Biotechnology is a set of tools, or enabling technologies, but it is neither inherently safe nor unsafe. But, while critics have charged that rDNA technology—sometimes known colloquially as genetic modification, genetic engineering, or bioengineering—is a fundamentally unsafe, untested, and unpredictable technology that it is likely to give rise to dangerous pathogens, “superweeds,” and other nasty outcomes, nothing could be further from the truth. As long ago as 1987, the U.S. National Academy of Sciences determined that the risks associated with the introduction of recombinant DNA-modified organisms are the same in kind as those associated with the introduction of unmodified organisms and organisms modified by other methods.

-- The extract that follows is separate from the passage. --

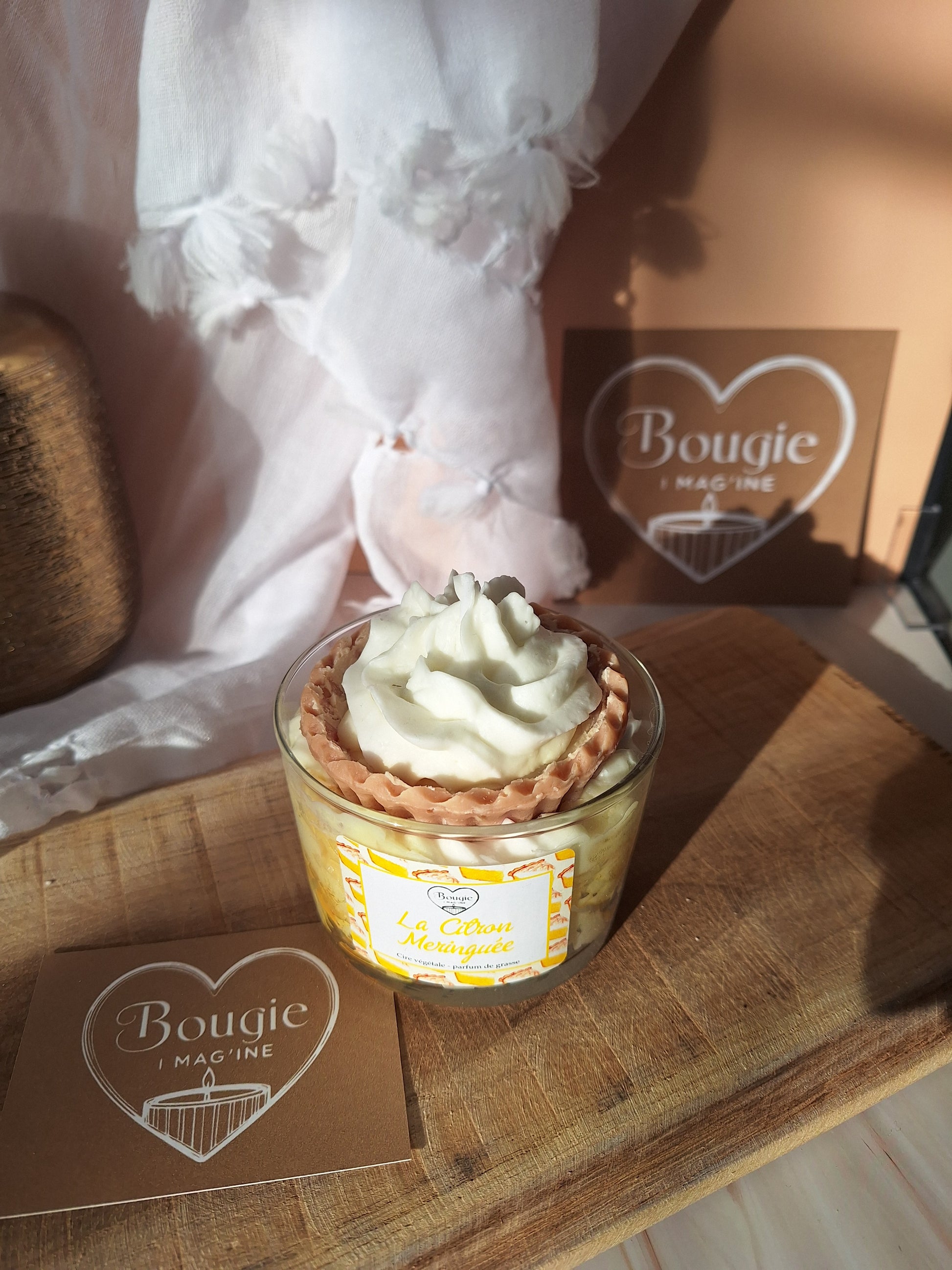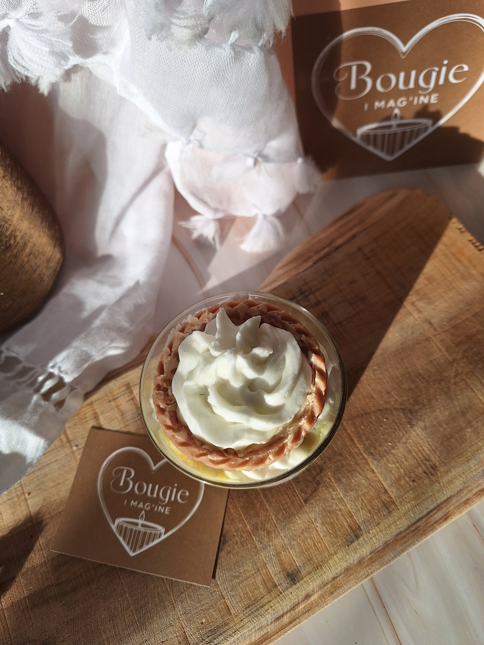 Et si une bougie pouvait éveiller vos sens comme une pâtisserie sortant du four ? Laissez-vous tenter par la bougie gourmande façon chantilly, surmontée d’une magnifique mini tarte citron meringuée en cire et chantilly, posée délicatement sur un nuage de chantilly parfumée. Un vrai bonheur visuel et olfactif, parfait pour cocooner votre intérieur.
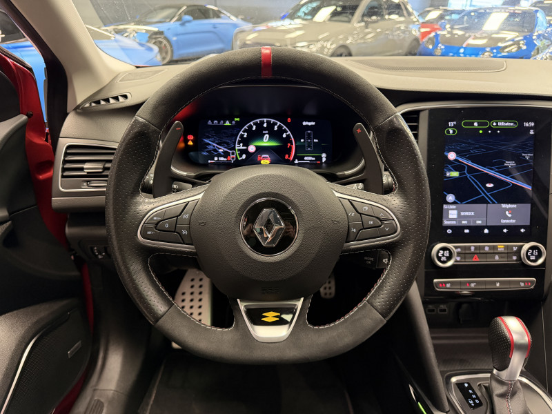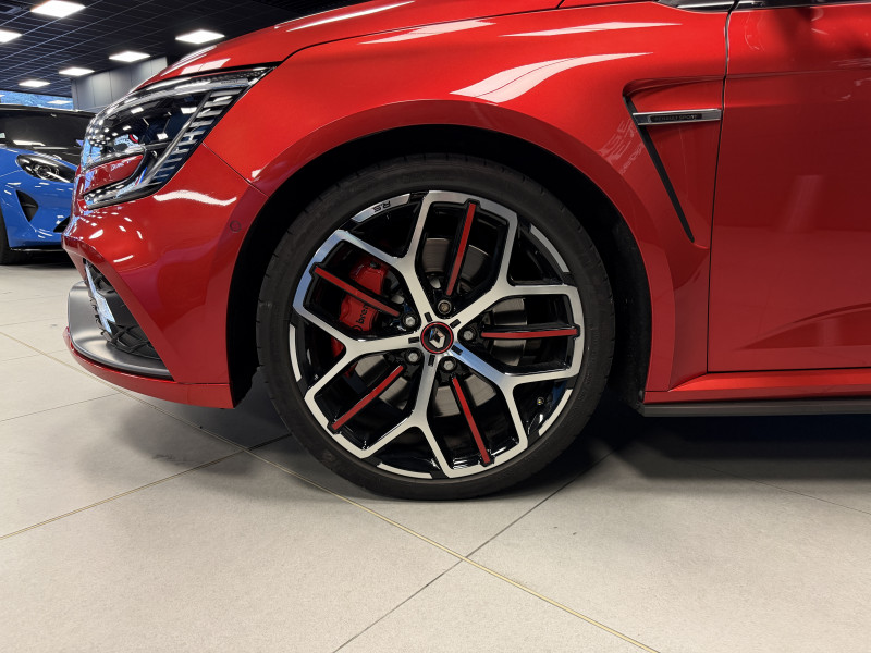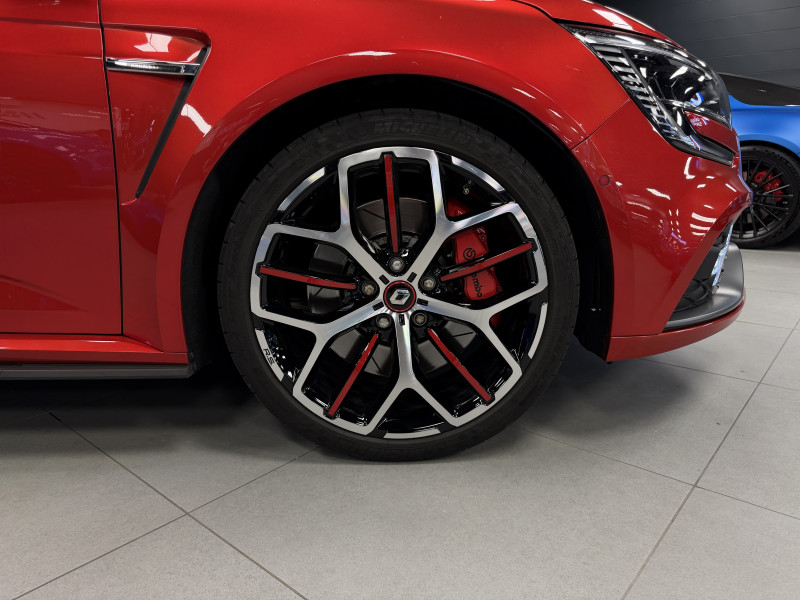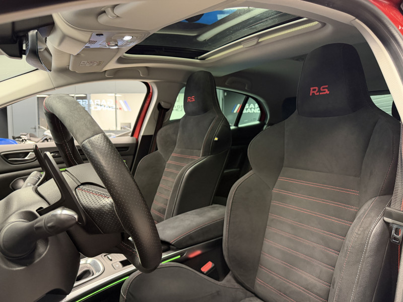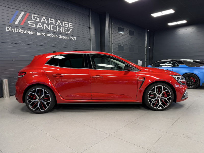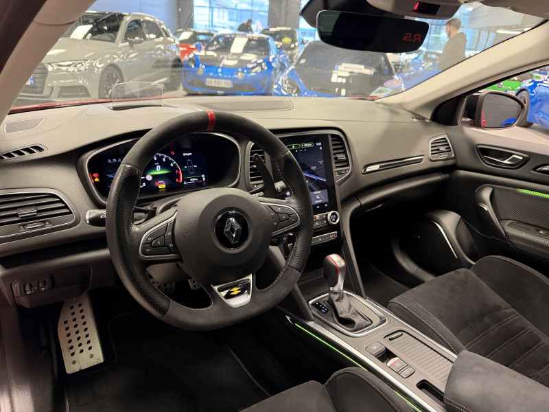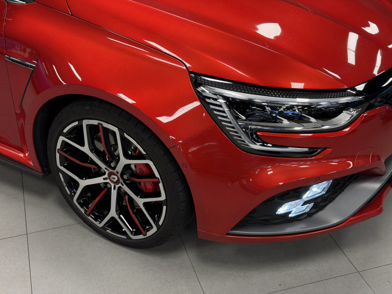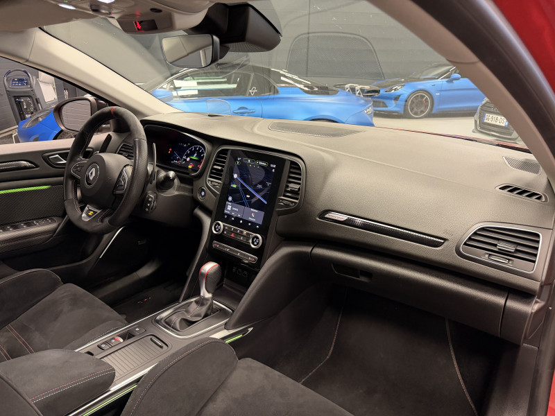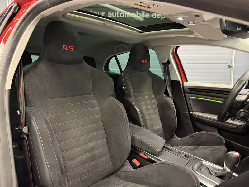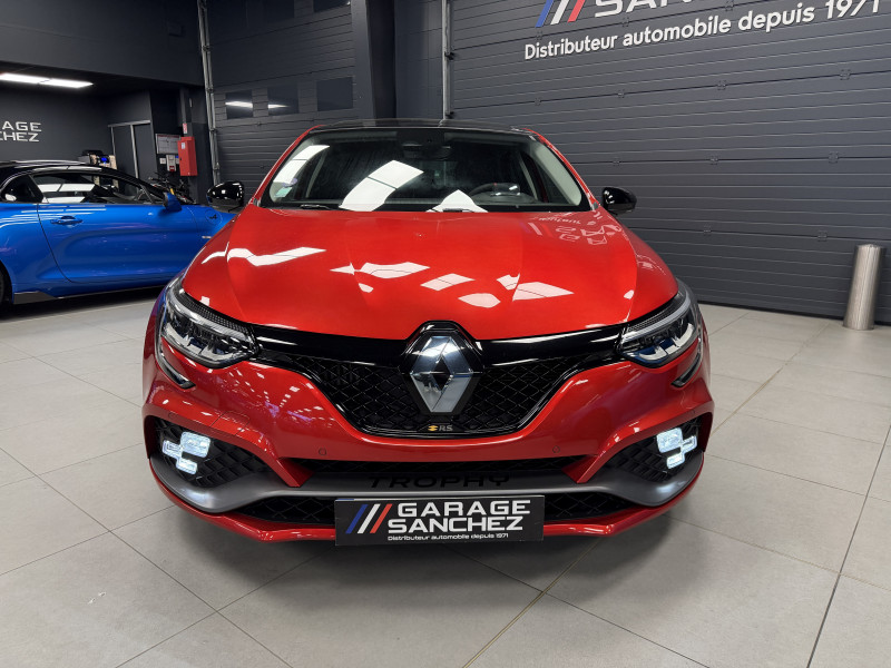 Agent Renault vend une Megane 4 RS Trophy dans une configuration Rouge Flamme qui dispose du châssis CUP, frein bi-matière, toit ouvrant panoramique, affichage tête haute, caméra de recul, radars 360°, jantes 19 Jerez, étriers de frein rouge, antenne requin, RS Monitor, tableau de bord 10 avec virtual cockpit, sellerie alcantara, sièges avant chauffants, volant cuir/alcantara, carte mains libre, alerte de franchissement de ligne, détecteur de fatigue, régulateur/limiteur de vitesse, Apple CarPlay & Android Auto, GPS, radio, bluetooth, BOSE, climatisation automatique

In 1989, a committee of the NAS’s National Research Council concluded that:

 

“Recombinant DNA methodology makes it possible to introduce pieces of DNA, consisting of either single or multiple genes, that can be defined in function and even in nucleotide sequence. With classical techniques of gene transfer, a variable number of genes can be transferred, the number depending on the mechanism of transfer; but predicting the precise number or the traits that have been transferred is difficult, and we cannot always predict the phenotypic expression [or characteristics] that will result. With organisms modified by molecular methods, we are in a better, if not perfect, position to predict the phenotypic expression.”

 

The mere fact that a biotech product—including a living organism, such as new plant variety—was developed with rDNA or more conventional techniques does not determine whether it is safe or dangerous; nor should it determine how the product or organism should be regulated. When considering how, or whether, such a product should be regulated, it is appropriate only to consider the actual characteristics of the product and how it is to be used.